Más allá de la relación ingresos / costes, no creo que haya ninguna industria que pueda sobrevivir ofreciendo al público piezas que contienen semejante nivel de fallos.

Y ese es uno de los más fascinantes ejemplos de cómo el sistema productivo global se ha agotado, sin ofrecer nada realmente nuevo desde hace décadas, aparte de las economías colaborativas, cuyo objetivo no es otro que desacoplar a los empleados de sus empresas y convertirlos en autónomos depauperados ("la comunidad") al ritmo que crecen los beneficios empresariales, o del "rescate y embellecimiento" de tecnologías añejas como las que conforman el mundo de la impresión 3D a nivel "popular", cuyos resultados, más que ausencia de progreso, lo que están provocando es un retroceso frente a la produccción tradicional.

A muchos se les llena la boca con esta historia de la nueva revolución industrial, pero si ésta revolución consiste en ofrecer productos extremadamente caros, extremadamente problemáticos, a precios extremadamente elevados, y sin beneficios para las empresas, las cuáles sobreviven a base de rondas de financiación (o sea, deuda) yo creo que deberíamos empezar a pensar que ese lugar desconocido en el que nos estamos adentrando, deberíamos denominarlo "Primera Involución Industrial".

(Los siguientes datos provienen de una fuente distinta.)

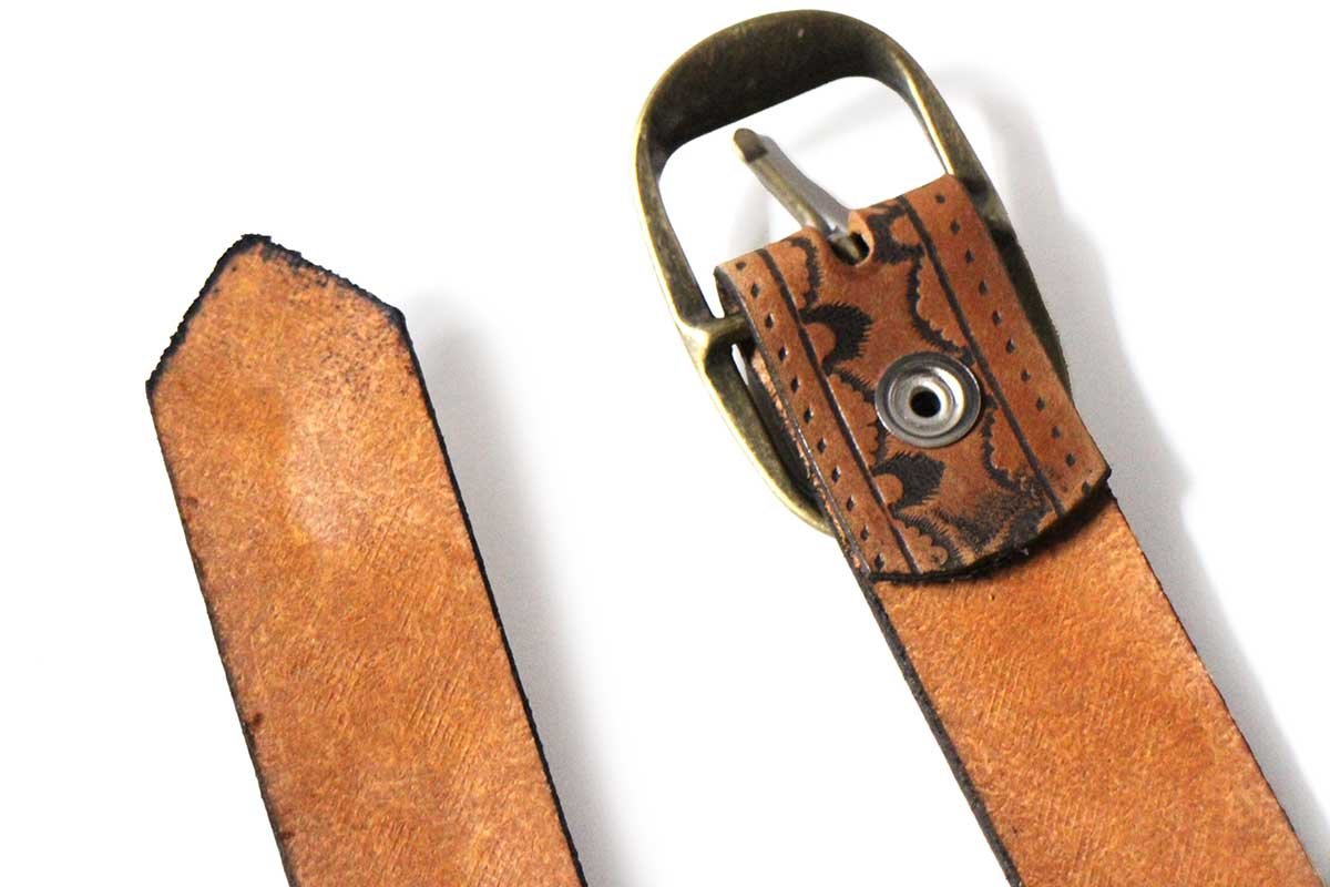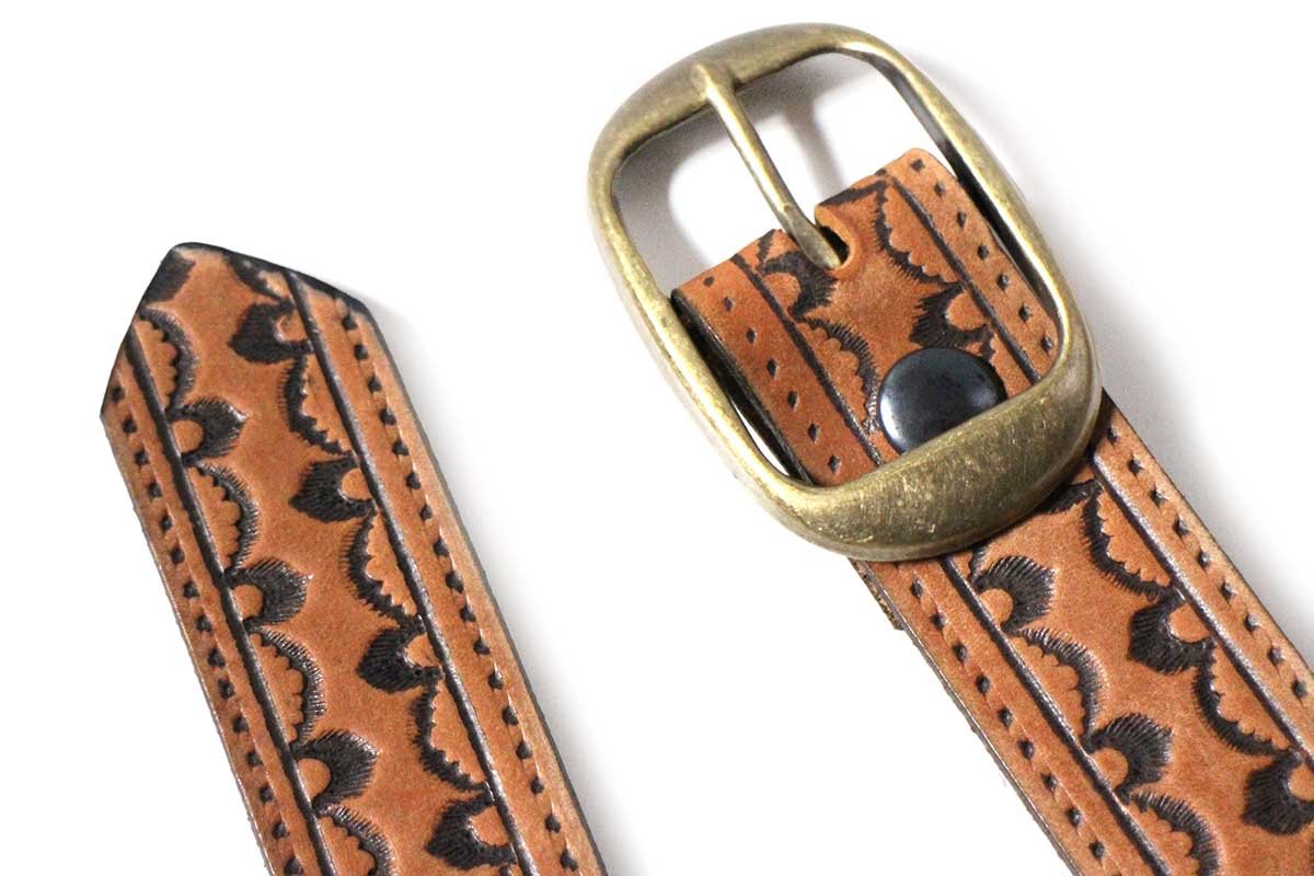 新品★USA製 BRACKNEY LEATHER WORKS スカラップパターン 型押し レザーベルト ブラウン 34

P.D.: no suelo andarme con justificaciones. Y sí, evidentemente, obviamente, efectivamente, la impresión 3D como ente abstracto tiene mucho que ofrecer. Pero aquí de lo que hablamos no es de tecnologías reales y maravillosas aplicadas a necesidades reales como la medicina, sini de esa visión de la impresión 3D popularizada por los telediarios y los publireportajes que iba a cambiarlo absolutamente todo, pero que año tras año, sin evolucionar, sin suponer ninguna revolución (es decir, menores costes, más producción, como cualquier revolución industrial de las de toda la vida), demuestra que no es capaz de ofrecer una alternativa a los procesos tradicionales de fabricación, ni mucho menos, de permitir que la producción sea accesible a pequeños artesanos sin tener que hacer enormes inversiones.

Por que, al fin y al cabo, eso es lo que se prometía y no se está cumpliendo.